I can further ease my bug fixing pain by marking my symptoms with red/yellow/green indicators of some sort.  A red symptom is one with no known cause.  A yellow symptom is one with a known cause but for which that cause has not been fixed or for which we have insufficient test data to convince ourselves that the problem has really been resolved.  A green symptom is one that no longer occurs in the system.  Of course, there’s always the problem of proving the negative.  I know we can never color a symptom green if we want perfection, but nobody’s perfect.  We all have some threshold marking the point at which we’re willing to call a problem solved.  This color coding allows us to easily see the status of our defect tracking efforts.  I can withdraw T-2 and unlinking from S-2 if I want.  If solving C-1 doesn’t make S-2 go away, I don’t have to go searching for S-2 because it’s probably still on my list of yellow symptoms and is easy to find.  Otherwise, no sweat.  It’s easier to write search tools for symptoms without all the extra chatter from causes and test data, so I should be able to find it if I really have to.

There’s one further complexity that comes to mind.  While causes have precise definitions, symptoms often don’t.     Since I don’t know what conditions might be relevant to a symptom (if I did, I’d know the cause!), I’m probably only going to record the most complete description of the problem I have at the time.  I’m bound to leave out some details.  What happens when I think that S-2 is happening again and upon further investigation I discover that it’s really a slight variation on S-2?  It’s possible that a variation on S-2 has a completely separate cause.  You’d hope not, since good software design should separate control structures enough that similar symptoms are related to a single locus of control, but then again the more poorly design the system, the more you need a sophisticated defect tracker to help you dig yourself out of the hole you’re in.

There are other variations on this theme too.  For example, the new not-quite-S-2 –symptom may very well have a cause that’s closely related to C-1, but because of your particular project’s process cycle you need to open a new issue.  You could always create a new task for C-1 and fill out some more data explaining the broader problem, but there’s probably nothing wrong with creating a new cause and linking it to the new symptom with a new tasks.  You could always refer back to C-1 if you wanted, and one could imagine an even more complex approach where causes are grouped into families.  But why go there if this approach gives us what we need?

Whatever the case, we’re faced with the prospect of merging and splitting symptoms.  We may decide that one symptom has two variations or that two symptoms may need to be merged.  Merging symptoms is easy.  It’s always easy to simplify.  All causes and tasks linked to that symptom can be automatically linked by the tool to the new merged symptom.  Splitting them may be more complex.  If I already have a structure built up around a symptom, I may have to manually iterate through each object that’s linked to it and decide what stays linked to the old symptom and what should be moved to the new one.  In most cases this should be simple.  There should be one tasks and at most a couple causes.  There’s probably no good way to automate this.  It takes human intelligence to notice the split in the first place, and it takes further intelligence to figure out what that means for the data you’ve already built up.  Figuring out how to re-organize the data is what engineers are paid for.  The tool is there to make things easier.

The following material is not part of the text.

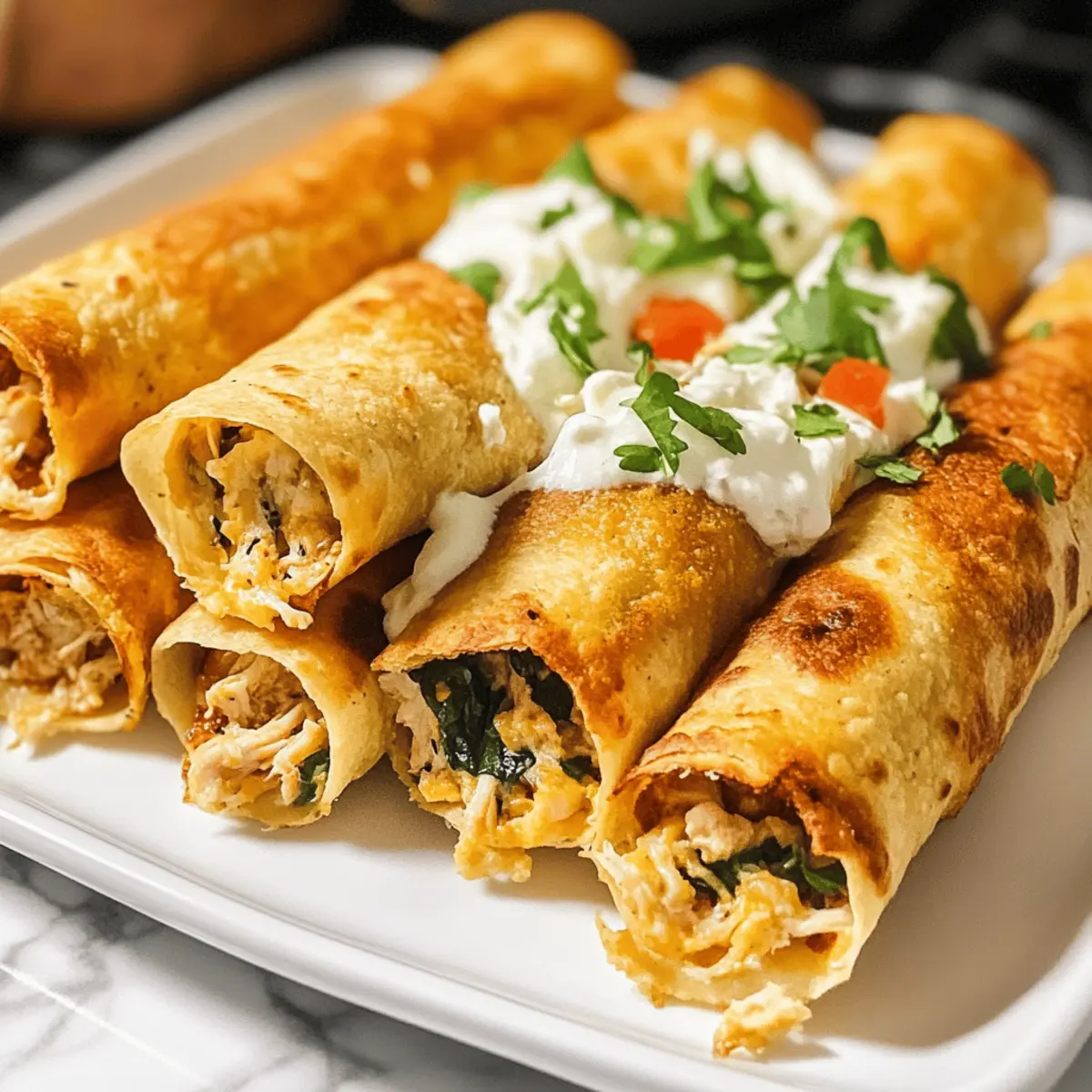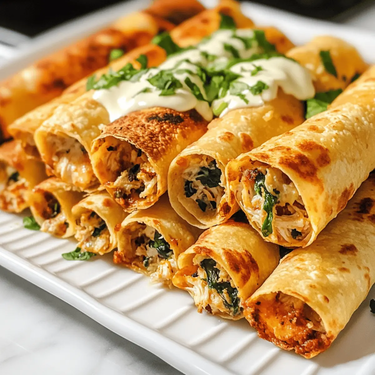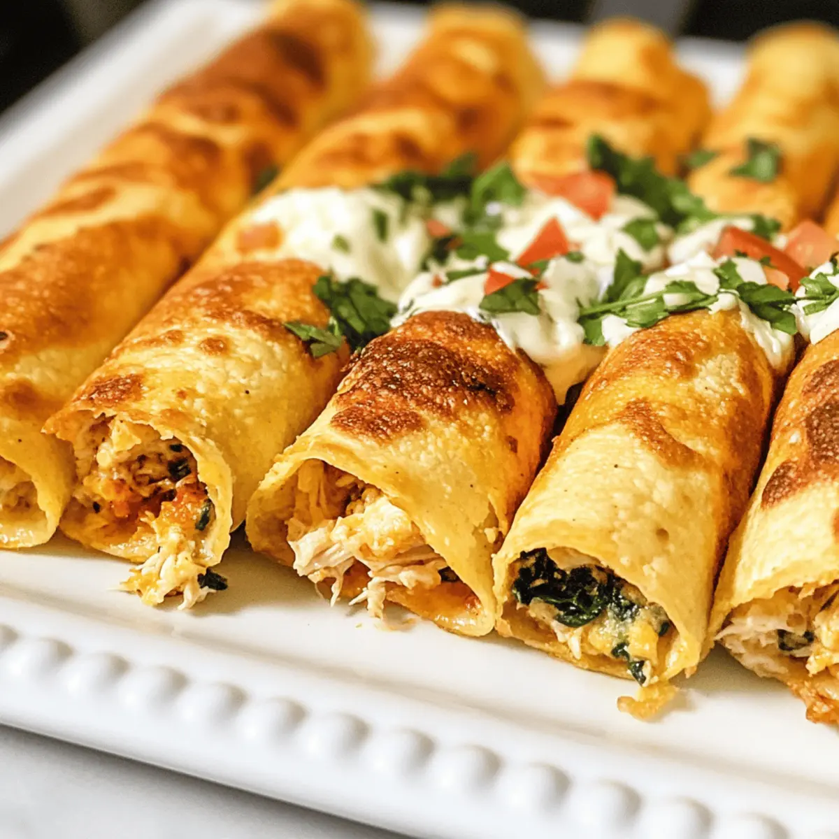 „Hast du schon einmal die knackige Köstlichkeit von frisch zubereiteten Taquitos erlebt?“ Diese kleinen, goldbraunen Rollen sind ein wahres Fest der Aromen und Texturen. In meinem Rezept für Crispy Chicken Taquitos vereinen sich herzhaft gefüllte Tortillas mit einer cremigen Mischung aus Hühnchen, Käse und Spinat – perfekt für diejenigen unter uns, die keine Lust auf Fast Food haben. Sie sind nicht nur blitzschnell zubereitet, sondern eignen sich auch hervorragend als köstliche Appetizer für dein nächstes Zusammenkommen mit Freunden oder Familie. Was könnte besser sein, als gemeinsam um den Tisch zu sitzen und diese herzhaften Bissen zu genießen? Lass uns gemeinsam entdecken, wie du diese mexikanischen Fingerfood-Schätze zaubern kannst! Warum sind Taquitos so unwiderstehlich? Einfachheit, die du lieben wirst: Mit nur wenigen Zutaten und einfachen Schritten kannst du köstliche Taquitos zaubern, die nie aus der Mode kommen. Vielseitigkeit, die begeistert: Variiere das Rezept nach Lust und Laune – probiere Rind- oder Schweinefleisch oder experimentiere mit verschiedenen Salsas, um nie den gleichen Taquito zweimal zu servieren. Perfekte Textur: Knusprige Tortillas umhüllen eine cremige Füllung, die einfach im Mund zergeht. Familienfreundlich: Ideal, um gemeinsam zu genießen – ob beim Abendessen oder als Snack bei einer Feier, sie bringen jeden zum Schlemmen. Entdecke auch unsere Tipps für homemade salsa und anderen köstlichen Beilagen, um deine Taquitos noch mehr zu verfeinern! Taquito-Zutaten • Um deine Taquitos zum Leben zu erwecken, hier die Liste der benötigten Zutaten: Für die Füllung Gerupftes Hühnchen (3 Tassen) – Gibt den Taquitos die Hauptproteinquelle; Rind- oder Schweinefleisch kann als schmackhafte Alternative verwendet werden. Frischkäse (6 Unzen, weich) – Sorgt für eine cremige Textur; du kannst auch Hüttenkäse für eine leichtere Variante nehmen. Babyspinat (1½ Tassen, gehackt) – Fügt Farbe und Nährstoffe hinzu; kann durch andere grüne Sorten wie Grünkohl ersetzt werden. Geriebener Colby Jack Käse (1½ Tassen) – Für einen tollen Geschmack und schmelzenden Spaß; ein mexikanischer Käsemix bringt eine interessante Geschmacksnote. Salsa (½ Tasse) – Verleiht den Taquitos eine zusätzliche Geschmacksdimension; nutze selbstgemachte oder gekaufte Salsa nach deinem Geschmack. Sauerrahm (⅓ Tasse) – Für eine cremige Note; griechischer Joghurt ist eine gesunde Alternative. Salz und Pfeffer – Zum Würzen; nach Belieben anpassen. Für die Tortillas Mais-Tortillas (12, 15 cm) – Die perfekte Basis für die Füllung; du kannst auch Weizentortillas verwenden, wenn du das bevorzugst. Für das Frittieren Pflanzen- oder Rapsöl – Zum Frittieren; wähle ein Öl mit hohem Rauchpunkt für die besten Ergebnisse. Bereite diese hochwertigen Zutaten vor und genieße das Kochen deiner köstlichen Taquitos! Schritt-für-Schritt-Anleitung für Crispy Chicken Taquitos Step 1: Öl erhitzen Erhitze in einem mittelgroßen Topf 1,5 cm Pflanzen- oder Rapsöl bei mittlerer Hitze, bis es 175 °C erreicht. Verwende ein Küchenthermometer, um die Temperatur zu überprüfen, damit deine Taquitos beim Frittieren schön knusprig werden. Achte darauf, dass das Öl schimmert, was dir signalisiert, dass es bereit ist für die nächste Phase. Step 2: Füllung zubereiten In einer großen Schüssel vermische das gerupfte Hühnchen, den Frischkäse, den gehackten Babyspinat, den geriebenen Colby Jack Käse, die Salsa und den Sauerrahm. Rühre gut um, bis alle Zutaten gleichmäßig verteilt sind. Schmecke die Mischung mit Salz und Pfeffer ab, um die Aromen zu intensivieren, bevor du mit dem Füllen der Tortillas beginnst. Step 3: Tortillas füllen Nimm eine Mais-Tortilla und platziere einige Esslöffel der Hühnchenfüllung in der Mitte. Rolle die Tortilla von unten nach oben fest zusammen und achte darauf, die Seiten einzuklappen, um die Füllung zu sichern. Wiederhole diesen Vorgang mit den restlichen Tortillas und der Füllung, um alle Crispy Chicken Taquitos vorzubereiten. Step 4: Taquitos frittieren Sobald das Öl heiß genug ist, lege die gefüllten Tortillas mit der Nahtseite nach unten vorsichtig in das Öl. Brate sie 2-3 Minuten lang oder bis sie goldbraun und knusprig sind. Verwende eine Zange, um die Taquitos vorsichtig zu wenden, und brate die andere Seite ebenfalls knusprig. Step 5: Abtropfen lassen Nehme die goldbraunen Taquitos aus dem Öl und lasse sie auf einem Teller mit Küchenpapier abtropfen. Das Papier hilft dabei, das überschüssige Öl zu entfernen, sodass deine Taquitos schön leicht und knusprig bleiben. Step 6: Servieren Sobald alle Crispy Chicken Taquitos frittiert sind, serviere sie warm mit deinen Lieblingsdips wie Salsa, Guacamole oder Sauerrahm. Diese köstlichen Häppchen sind perfekt für ein gemeinsames Essen oder als Snack für eine Party. Enjoy your meal! Taquitos: Köstliche Variationen Gestalte dein Taquito-Erlebnis einzigartig, indem du mit verschiedenen Zutaten und Geschmäckern experimentierst. Lass deiner Kreativität freien Lauf! Rind- oder Schweinefleisch: Tausche das Hühnchen gegen zartes Rind- oder Schweinefleisch aus. Die herzhaften Aromen bringen einen neuen Twist! Ziegenkäse: Verwende Ziegenkäse statt Frischkäse für einen würzigen und cremigen Effekt. Das verleiht deinen Taquitos eine ganz besondere Note. Mango-Salsa: Probier eine süße Mango-Salsa für eine fruchtige und erfrischende Variante. Die Kombination macht die Taquitos zu einem echten Hit! Schärfer mit Jalapeños: Füge einige gehackte Jalapeños in die Füllung oder als Topping hinzu. Ein kleiner Scharfmacher, der den Kick bringt! Spinat und Feta: Ersetze den Frischkäse durch Feta und füge zusätzlich Spinat hinzu. Die mediterrane Note wird neue Höhen erreichen. Vegan: Verwende pflanzliche Alternativen wie Soja- oder Tempeh-Füllungen und nimm vegane Käsealternativen. So kannst du die Taquitos in eine gesunde, pflanzenbasierte Mahlzeit v

Something else that this structure makes easier is organizing test data.  The test data will likely be stored in some repository outside this tool.  When I’m investigating a symptom, I may run lots of tests and store them in my scientific notebook.  I can link these tests to my task, since that’s really what the task stands for.  The data moves with the task when it becomes a repair task and I can append to it with test data that’s intended to prove that the problem no longer exists.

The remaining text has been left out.